Она хотела сказать «здоровы», но невольно вспомнила Машу-большую и всхлипнула.

— Но почему тогда ты плачешь? — совершенно резонно поинтересовалась Маша и, подойдя, села прямо на ковер возле ног Устиньи.

— Это слезы о прошлом, — сказала Устинья. — Я их так и не выплакала.

— Прошлое не стоит того, чтобы о нем плакать, — задумчиво проговорила Маша, думая, разумеется, о своем. — Прошлое — это накипь на стенках души, которая делает ее бесчувственной к настоящему.

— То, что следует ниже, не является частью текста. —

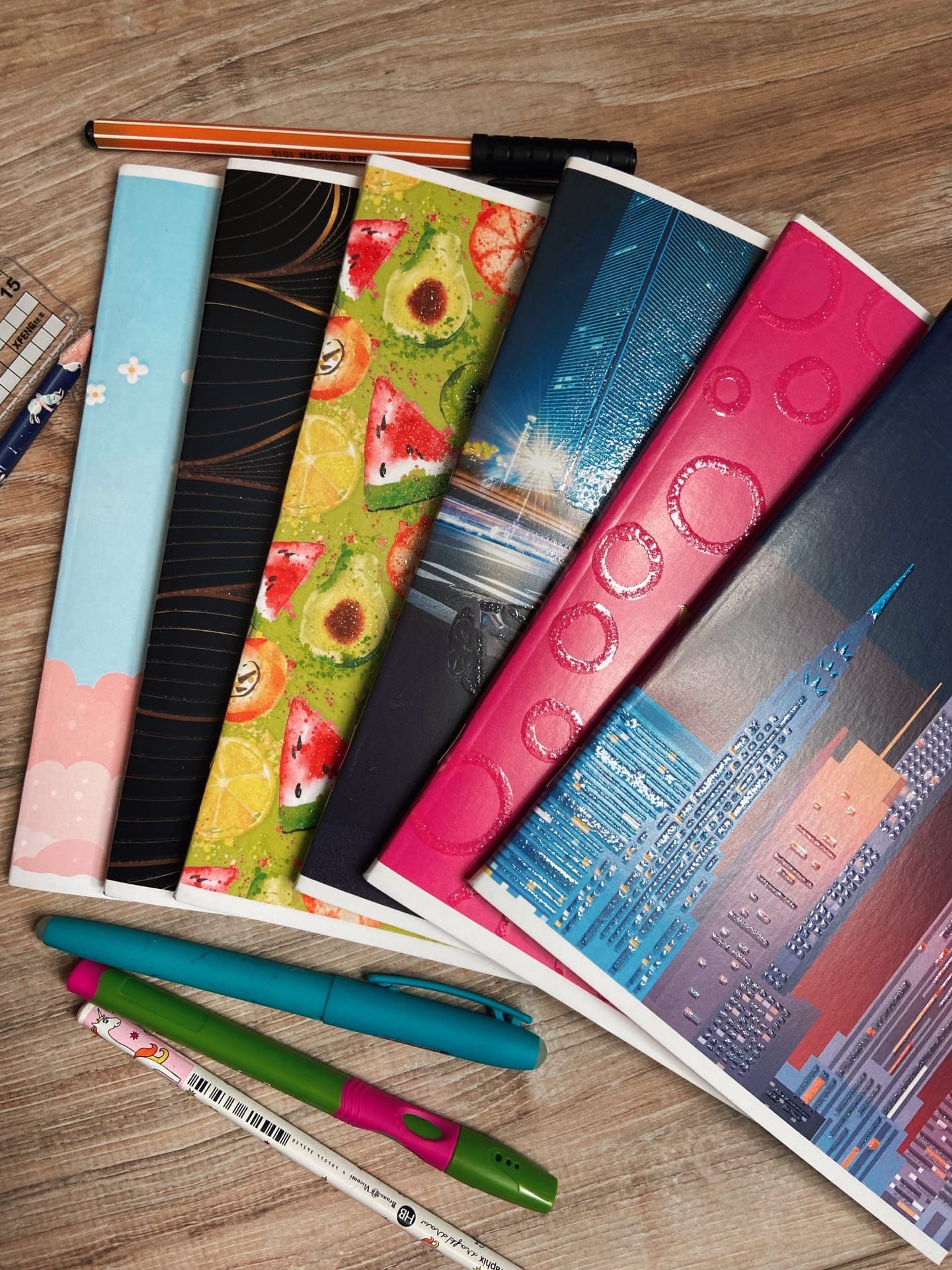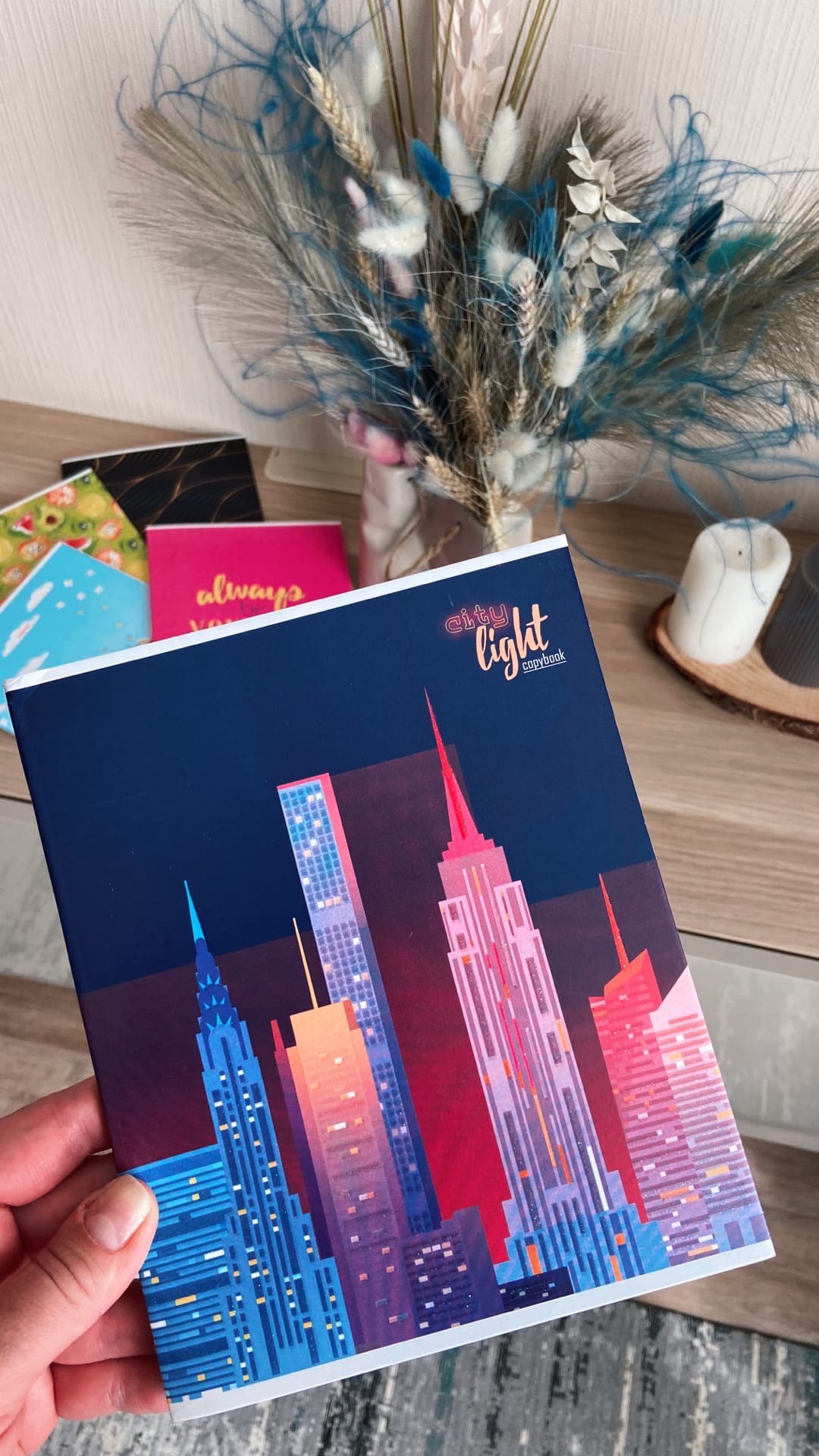 Ночной город, фрукты, корзина цветов — у каждой обложки есть особое настроение. Каждая обложка имеет эффект блёсток. Каждая тетрадь по-особенному важна.

— Ой ли? — усомнилась Устинья, глядя в глаза Машиному отражению в зеркале.

— Да, — решительно кивнула Маша. — Я не позволю прошлому мешать мне жить так, как я хочу.

— А как ты хочешь жить, коречка?

— Свободной. Независимой ни от чьих… — Маша хотела сказать «капризов», но, вспомнив вдруг Толино бледное, измученное борьбой с самим собой лицо, заменила это никак не подходящее к нему слово на целую фразу. Она сказала: — Ни от кого не зависимой. Потому что любовь — это настоящие оковы.

— Ты права, коречка, но…

Устинья вздохнула и опустила глаза.

— И никаких «но». Я не хочу видеть жизнь из окон тесной темницы, куда меня засадит самый любимый на свете человек. Ради чего тогда жить? Лучше умереть, чем сойти с ума от любви.

— Да, коречка.

Устинья снова вздохнула. Маша, облокотившись теплым боком о ее голые ноги, вдруг спросила:

— А что с мамой? Вы оба про нее ни слова. Как странно: сперва у меня исчез отец, и его место занял другой, потом вдруг исчезла мать… — Она подняла голову и, наморщив свой чистый высокий лоб, попыталась заглянуть Устинье в глаза.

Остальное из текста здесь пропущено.